DR. POWE: I think it is a crisis. When I see, you know, organs
being sold over the Internet on E-bay, people desperate to get an
organ. Individuals that I know who have end stage renal disease
will do anything to get a transplant from their own family members,
too. That's something we really didn't talk about. I think
Dr. Siminoff's presentation was focused a lot on the cadaveric
group but also the living — related living, unrelated. At
Hopkins we're doing a lot of issues around people, if they're
not compatible swapping organs with others even if they're unrelated
to each other. These are the kind of things that are going on
today because the pressures of individuals who are — and more
individuals that are in this circumstance vying for this scarce
organ. So I think it is going to be a crisis.
It also depends on where you stand. You know, if you have
a family member that's effected by this or you're effected by
it, it is a crisis, there's no question about it. And the more of
us that are effected by it, I think the more it will be a crisis.
CHAIRMAN PELLEGRINO: Dr. Lawler? You're on the
list, Bill, I'm sorry. We have to remind you all that we have six
more to speak and we have a limited time. Peter?
PROFESSOR LAWLER: Let me get the elementary medical
facts down right. In this country we have millions and millions of
people who have kidney disease. Kidney disease is progressive. It
can't be stopped. It can be slowed down some basically through
blood pressure medications, but maybe not all that much in many cases.

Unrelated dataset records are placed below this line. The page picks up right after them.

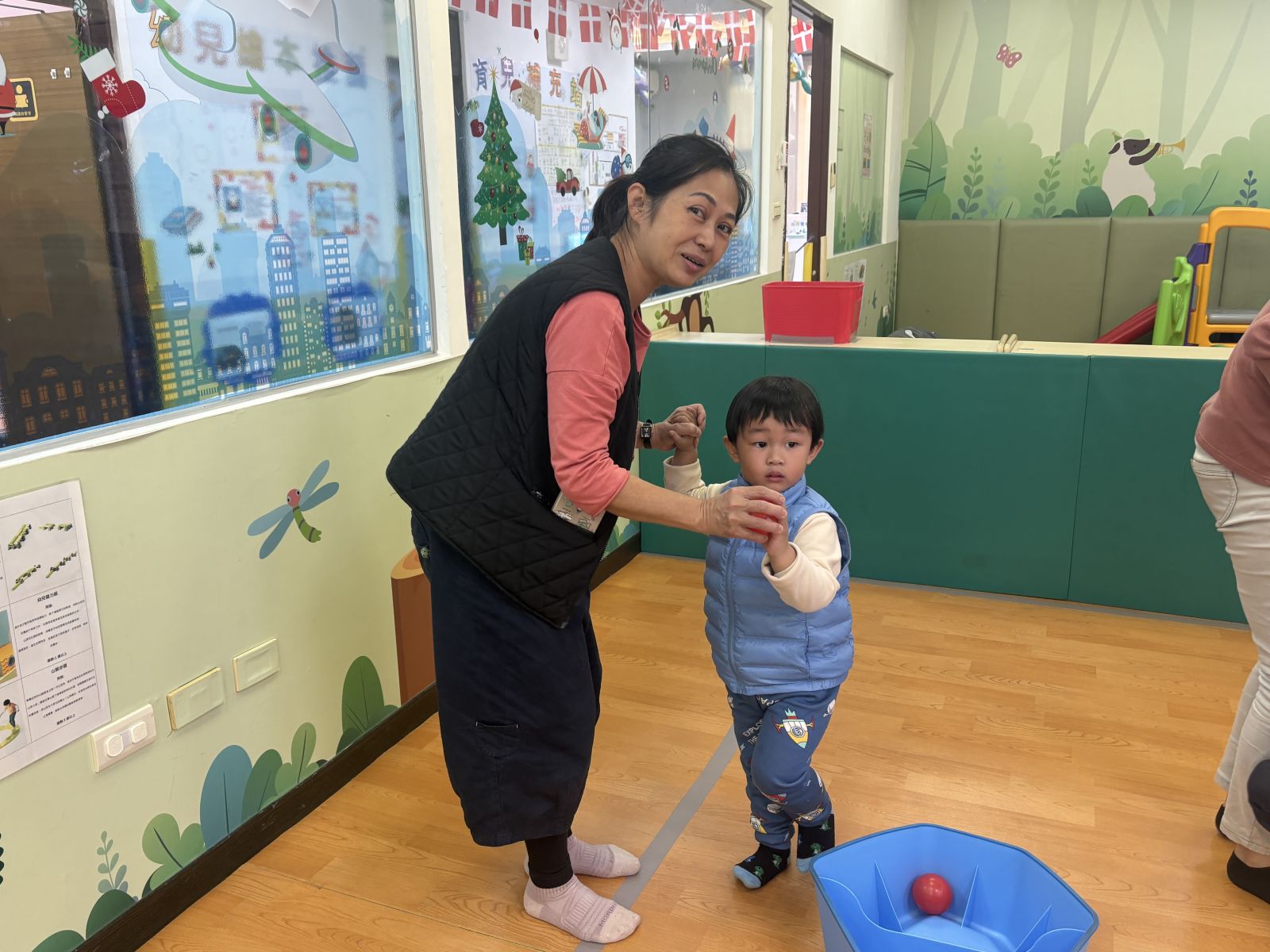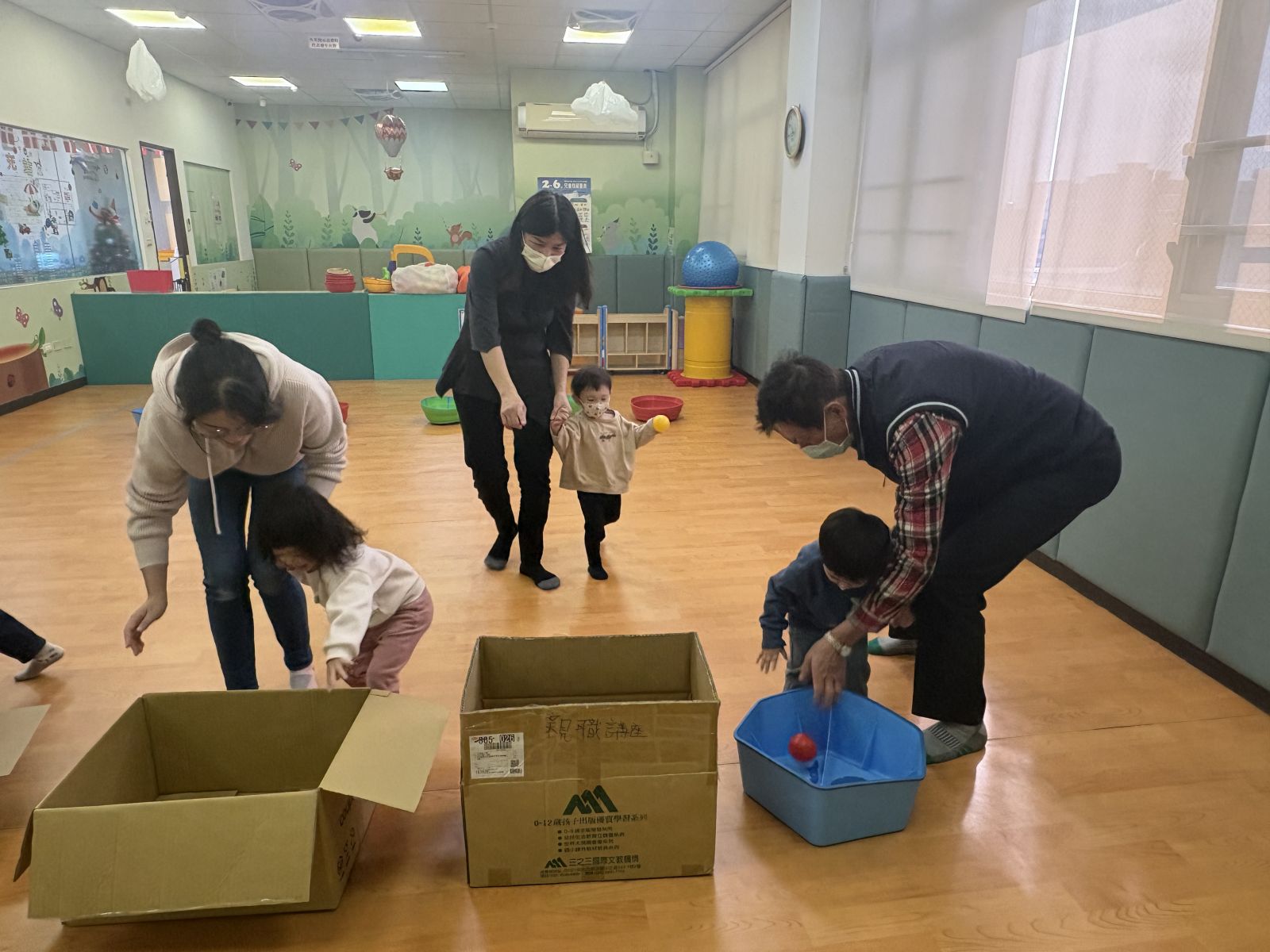 家長透過不織布一同合作將幼兒捲起來變成春捲,並且一起玩許多有趣的遊戲
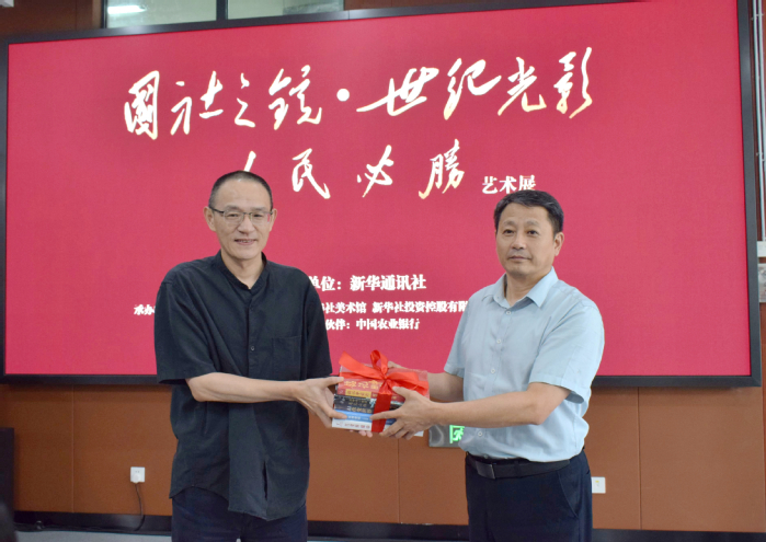 9月18日,“国社之镜・世纪光影之人民必胜”艺术展安徽高校巡展首展在我校隆重开展。新华社安徽分社分党组成员王雷,新华社新闻信息中心安徽中心主任杨善斌,新华网安徽分公司总经理徐金平,新华社安徽分社传播中心负责人、新华网安徽频道主编汤阳,我校党委书记邬平川,党委副书记周飞,党委委员、副校长白义香等出席开展仪式,新华社安徽分社员工代表及我校师生代表参加。
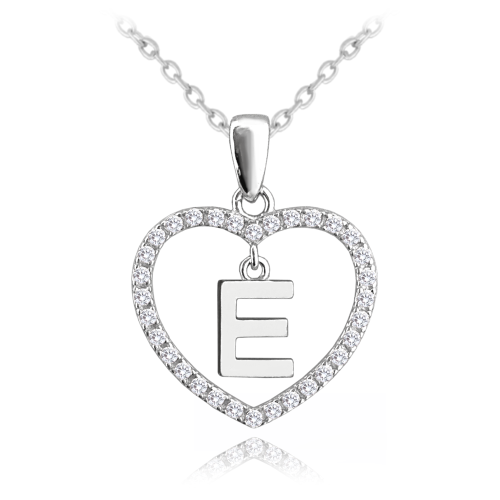 MINET Stříbrný náhrdelník písmeno v srdíčku "E" se zirkony
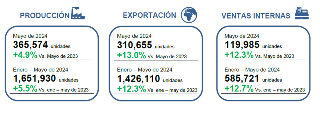 La producción y exportación para el mes de mayo de 2024 tuvieron desempeño sólido. Es el mayo más sólido desde 2005 tanto para la producción como para la exportación, año en que se inició el Registro Administrativo de la Industria Automotriz. Se produjeron 365,574 unidades, lo que representa un crecimiento del 4.9% en comparación con las cifras reportadas para el mismo mes de 2023, y un crecimiento del 5.5% para las cifras acumuladas de enero a mayo de 2024. En cuanto a las exportaciones, hubo un crecimiento del 13.0% al exportar 310,655 unidades; para el acumulado de enero a mayo de 2024, se registró un crecimiento del 12.3%.
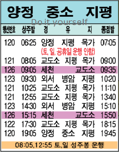 ※ 8:35, 13:45, 17:55 가천2리 운행 (연장)
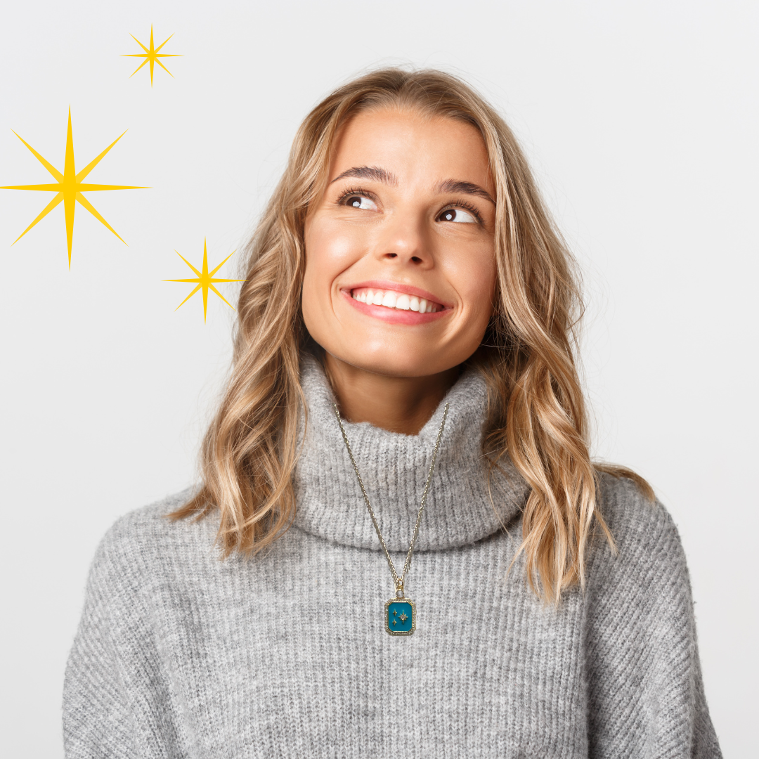 Crafted with turquoise-blue enamel, brilliant cubic zirconia, and elegant gold plating, the pendant features the symbolic Star of Bethlehem — the light that led seekers straight to Jesus.
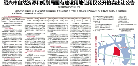 经绍兴市人民政府批准,绍兴市自然资源和规划局决定于2019年5月22日上午9时,以网上拍卖方式公开出让越城区大树江4号地块国有建设用地使用权。现将有关事项公告如下:
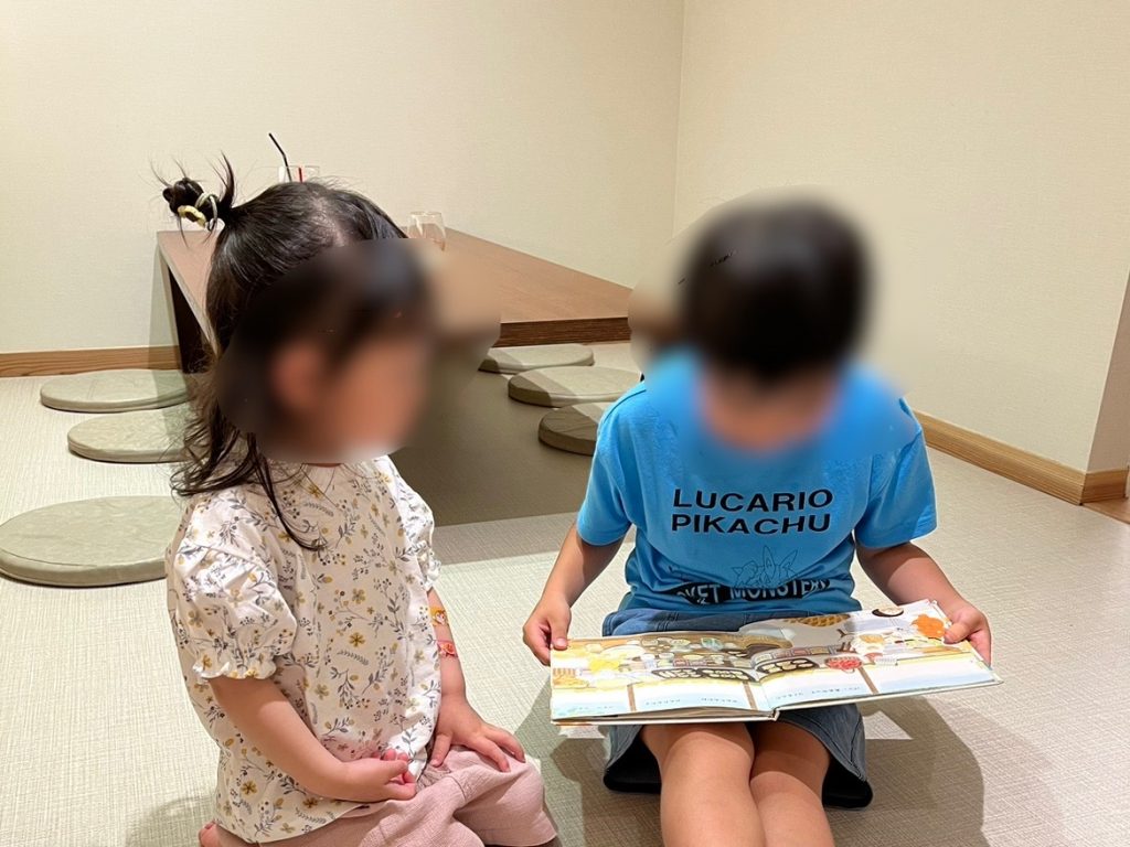 子どもたちは注文を待っている間、絵本を読んだりおもちゃで遊んでいました。
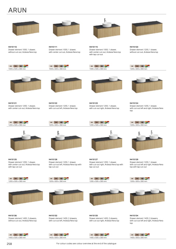 For colour codes see colour overview at the end of the catalogue

So as we improve medical treatment, fend off heart disease and other
complications, more and more people are just going to live through this
thing and progress to end state or renal failure, right?
So this is the character of the time bomb that this is a
disease that many, many people have. As medical technology improves,
more and more people are just going to see it all the way through.
That is they're not going to die in the process, they're going
to die in the end of it, and is that really the nature of the crisis?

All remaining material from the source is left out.